I haven't read it personally, but Science and Art of Tracking seems like it could be a cool fit, and certainly "400" level.
posted by matrixclown at 12:12 PM on November 2, 2018

Friendly Fire: The Accidental Shootdown of U.S. Black Hawks over Northern Iraq by Scott Snook is a fascinating analysis of the breakdown in communication and decision making that led to a tragic accident in the first Gulf War.
posted by NotMyselfRightNow at 12:26 PM on November 2, 2018

Apollo 13 by Jim Lovell.
posted by Melismata at 12:27 PM on November 2, 2018

Sheri Fink's Five Days at Memorial.
posted by karayel at 12:43 PM on November 2, 2018

Atul Gawande's "Checklist Manifesto" might fit the bill?
posted by stillmoving at 12:44 PM on November 2, 2018 [7 favorites]

Has he ever read any of the "Accidents in North American Climbing" yearbooks? I love these.

They are brief, very clinical examinations of a year's worth of climbing accidents, with very specific lessons about how others can avoid repeating the same errors. He may both enjoy and learn from them.
posted by wenestvedt at 12:51 PM on November 2, 2018 [4 favorites]

What about Thinking Fast and Slow?
posted by jadepearl at 12:51 PM on November 2, 2018 [6 favorites]

Perhaps Deep Survival: Who Lives, Who Dies, and Why by Laurence Gonzales, which focuses on outdoorsmanship and mountaineering but can be extrapolated to other situations pretty readily. It's not 101-level, but it's also not heavily technical.
posted by tapir-whorf at 12:59 PM on November 2, 2018 [3 favorites]

This has "primer" in the title, but is not actually 101-level IMO: Failure Is An Option: A Primer and Guide for Managing Crises. (Disclaimer: I know the author through work.)
posted by Lexica at 1:09 PM on November 2, 2018 [1 favorite]

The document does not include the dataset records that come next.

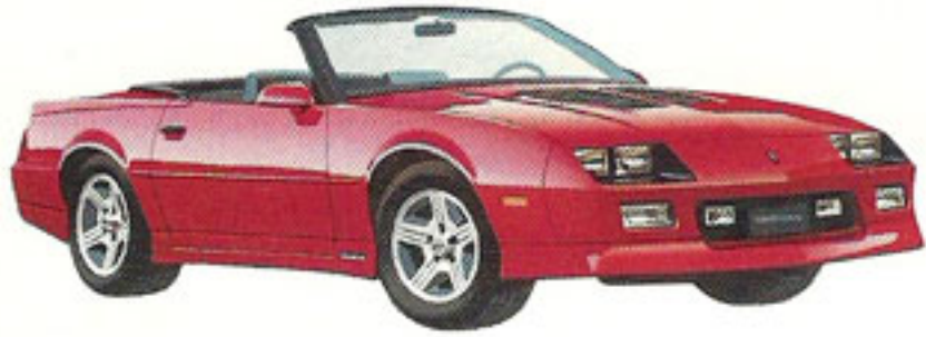
Camaro IROC-Z Convertible.
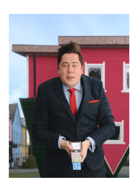
Barclaycard - Upside Down House
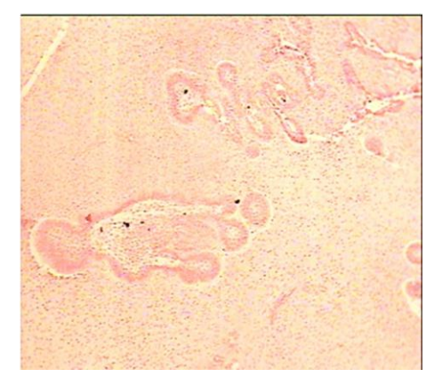
Fig 2-A. Microscopically, neoplastic proliferation of odontogenic epitheium consisted of cords and islands were seen
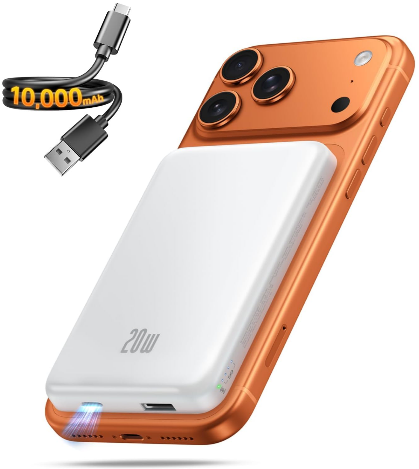
Image: Front view of the HAIARA W5 PRO power bank attached to a smartphone.
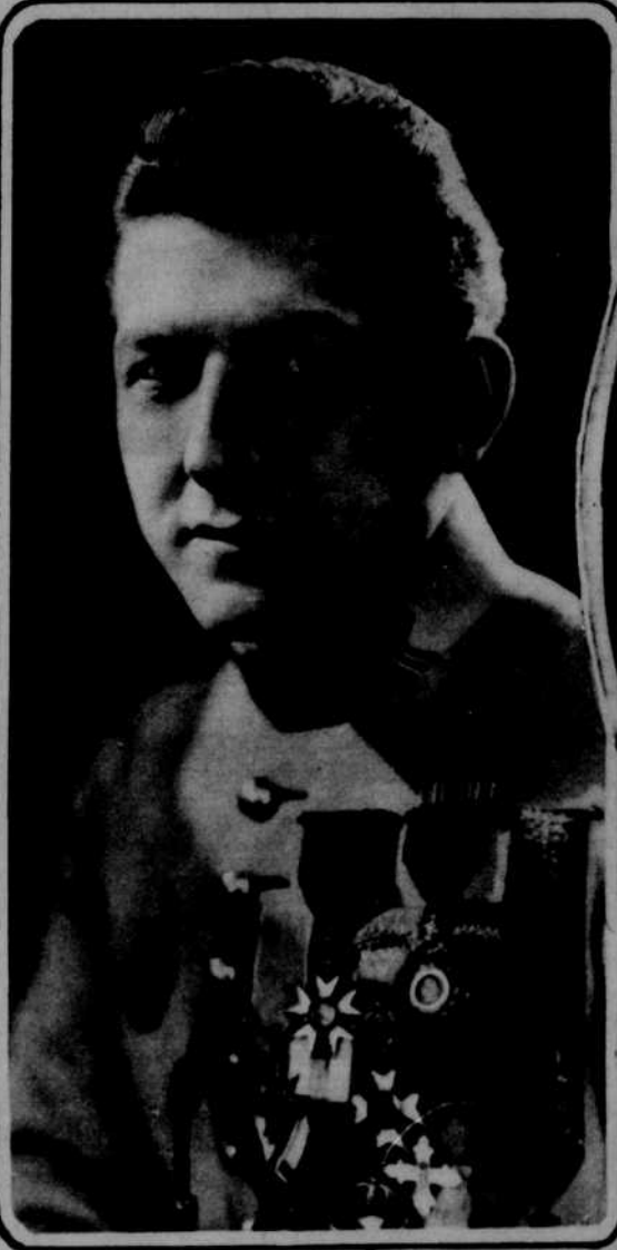
Captain Charles Nungesser, greatest living French "Ace" who was woundedsevententimes in action and who was honored by all of the Allied powers that participated in the World War. Captain Nungesser has just come to the United States to star in motion picture, "The Sky Raider".
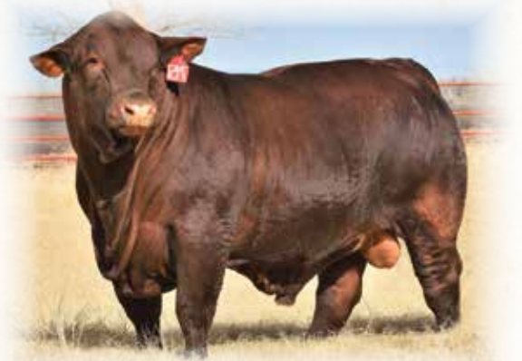
Sire of Lot 108A, 109A, 111A - RED DOC NEVER BETTER ET 7457
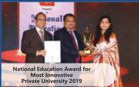
National Education Award for Most Innovative Private University 2019
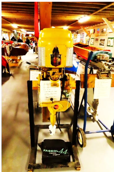
Ken Kirk's 4 cycle, 4 cyl, Fageol 44.
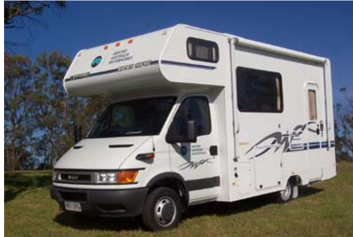
The 5 Berth Traveller . 2 to 5 people.

The Traveller has a large double bed over the cabin which can be raised allowing for easy access to the cabin. The lounge converts into a single bed and the dinette into a full size double bed making for very comfortable sleeping arrangements. This is a superb family vehicle with ample storage space and the luxuries of television and roll out shade awning.

Do No Harm is a memoir from the UK's most renowned brain surgeon about decisionmaking in the operating room, and mistakes that he's made that sometimes had catastrophic consequences. He's a bit arrogant but always fascinating.
posted by heavenknows at 1:13 PM on November 2, 2018 [2 favorites]

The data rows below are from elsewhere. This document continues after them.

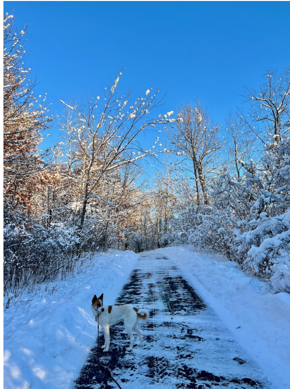
December provided its own beauty.
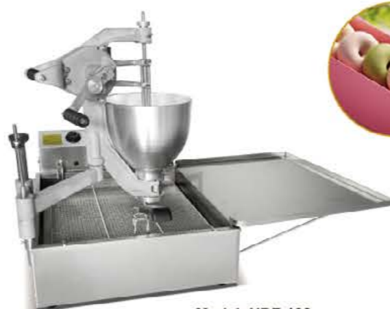
Model: HDF-102 Desktop Hand Wave Electric Donut Fryer
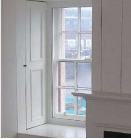
Secondary glazing can be effective and unobtrusive
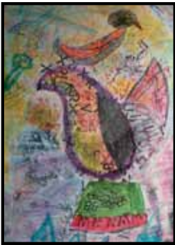
A wide variety of media was featured in the student artwork.
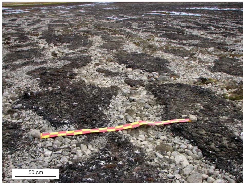
Fig. 3. Patterned ground showing clear segregation by frost.

soil material due to cryoturbation. Chemical composition of Turbic Cryosols is similar to the composition of Haplic Cryosols (Table 3). However, Turbic Cryosols contain lower amount of \text{SiO}_2 (63.7–65.9%) and higher amounts of \text{Al}_2\text{O}_3 (17.0–18.3%) and \text{Fe}_2\text{O}_3 (8.4–8.9%) than Haplic Cryosols, which is likely related to higher amounts of aluminosilicates ( i.e. clay minerals) and lower amount of quartz in Turbic Cryosols than in Haplic Cryosols.
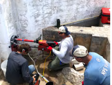
Horizontal core drilling for

Vertical core drilling for material material testing testing
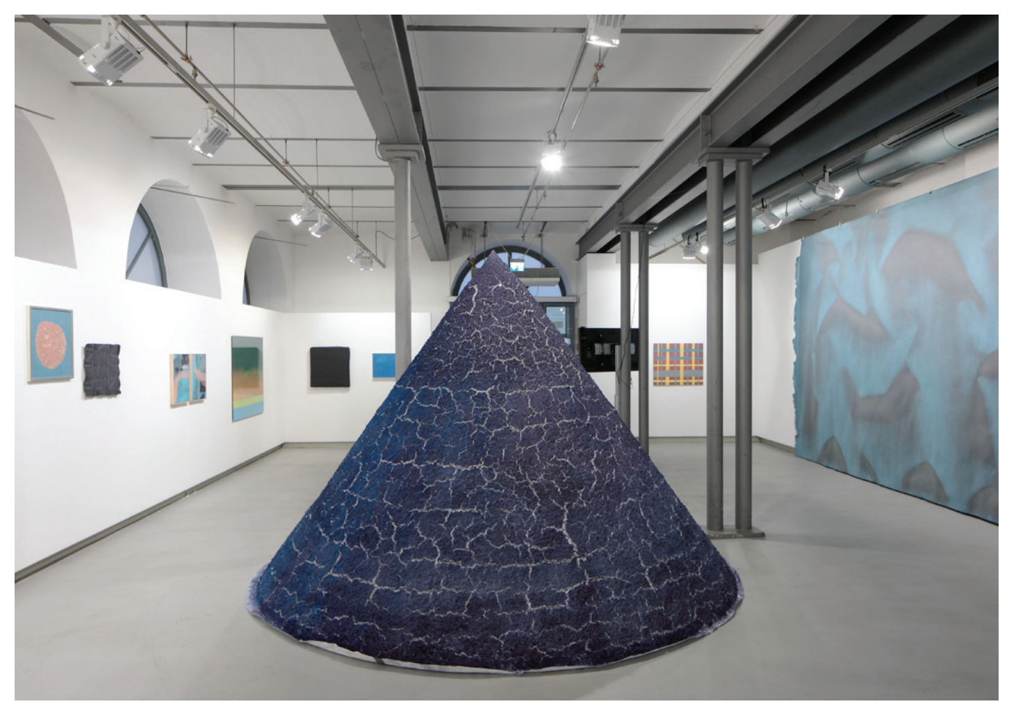
Cone_KVD drying Fibres, Pigment, ø 350cm, 2021

The classic in this subject is Diane Vaughan’s The Challenger Launch Decision: Risky Technology, Culture, and Deviance at NASA. The book is unusual because it is atypical for disasters to be thoroughly studied and problems re-engineered and that information made public. Vaughan uses a root cause analysis across NASA and she concluded the primary cause of the accident was a ''normalization of deviance''. Which is to say the staff became accepting of bad information and bad standards and this systemic degradation lead to the accident. Popularized root cause analysis and coined that "normalization of deviance", and would be the one book to read.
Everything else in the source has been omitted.